# hedl-cli
**Complete HEDL toolkit—validation, formatting, linting, inspection, conversion, and batch processing with parallel execution.**
You need to validate HEDL files, convert between formats, analyze structure, or process hundreds of files in parallel. `hedl-cli` provides 21 commands covering the entire HEDL workflow: core operations (validate, format, lint, inspect, stats), bidirectional conversion to 6 formats (JSON, YAML, XML, CSV, Parquet, TOON), batch processing with automatic parallelization, and shell completion generation.

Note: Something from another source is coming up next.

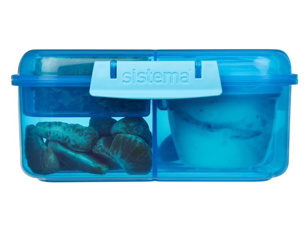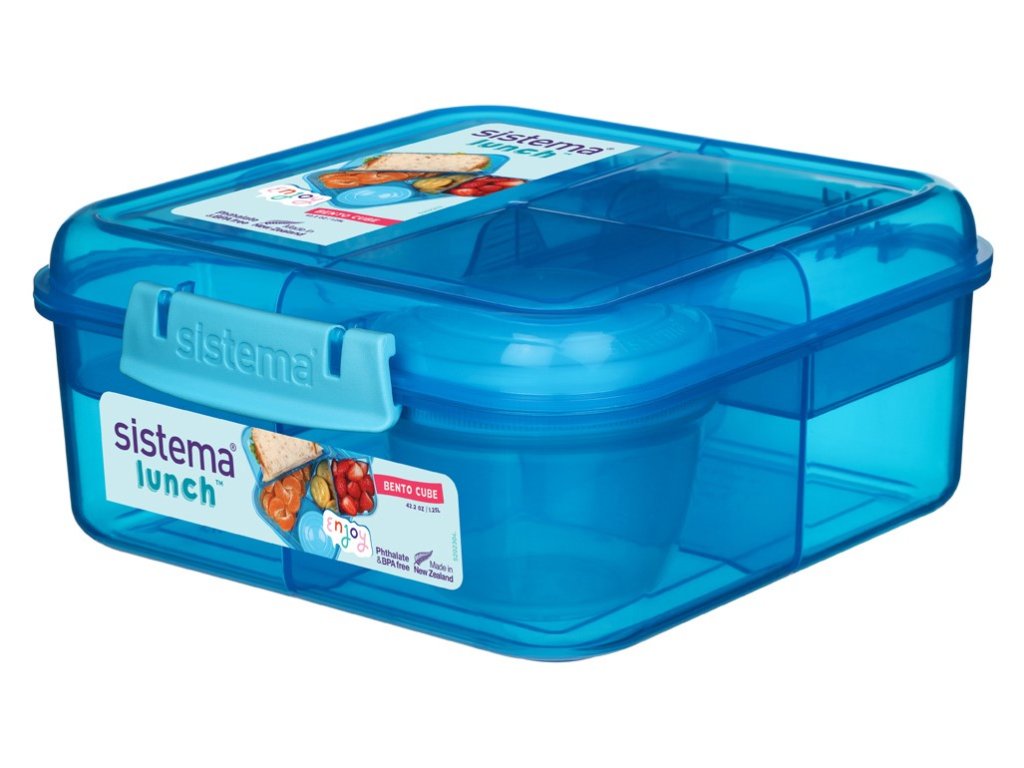Sistema Delený desiatový box Lunch Bento Cube s nádobou na jogurt a 2 tácky 1,25 l, modrá

This is the official command-line interface for the HEDL ecosystem. Whether you're validating configuration files, converting database exports, analyzing token efficiency, or processing directories of HEDL documents—`hedl-cli` provides the tools you need.
## What's Implemented
Complete command-line toolkit with 21 commands across 4 categories:
1. **Core Commands (5)**: Validate, format, lint, inspect, stats
2. **Format Conversion (12)**: Bidirectional conversion for JSON, YAML, XML, CSV, Parquet, TOON
3. **Batch Processing (3)**: Parallel validation, formatting, linting with progress tracking
4. **Utilities (1)**: Shell completion generation for 5 shells
5. **High-Performance Architecture**: Parallel processing, colored output, structured errors
6. **Security Features**: File size limits (1 GB default), input validation, safe error propagation
7. **Flexible Output**: File or stdout, JSON or text, pretty or compact formatting
## Installation
```bash
# From source
cargo install hedl-cli
# Or build locally
cd crates/hedl-cli
cargo build --release
```
Binary location: `target/release/hedl`
## Core Commands
### validate - Syntax and Structure Validation
Validate HEDL files with optional strict reference checking:
```bash
# Basic validation
hedl validate config.hedl
# Strict mode (all references must resolve)
hedl validate --strict api_schema.hedl
```
**Output**:
```
✓ config.hedl
Version: 1.0
Structs: 5
Aliases: 2
Nests: 3
```
**Options**:
- `--strict` - Enforce all entity references must resolve to defined entities
**Exit Codes**: 0 (valid), 1 (parse errors or validation failures)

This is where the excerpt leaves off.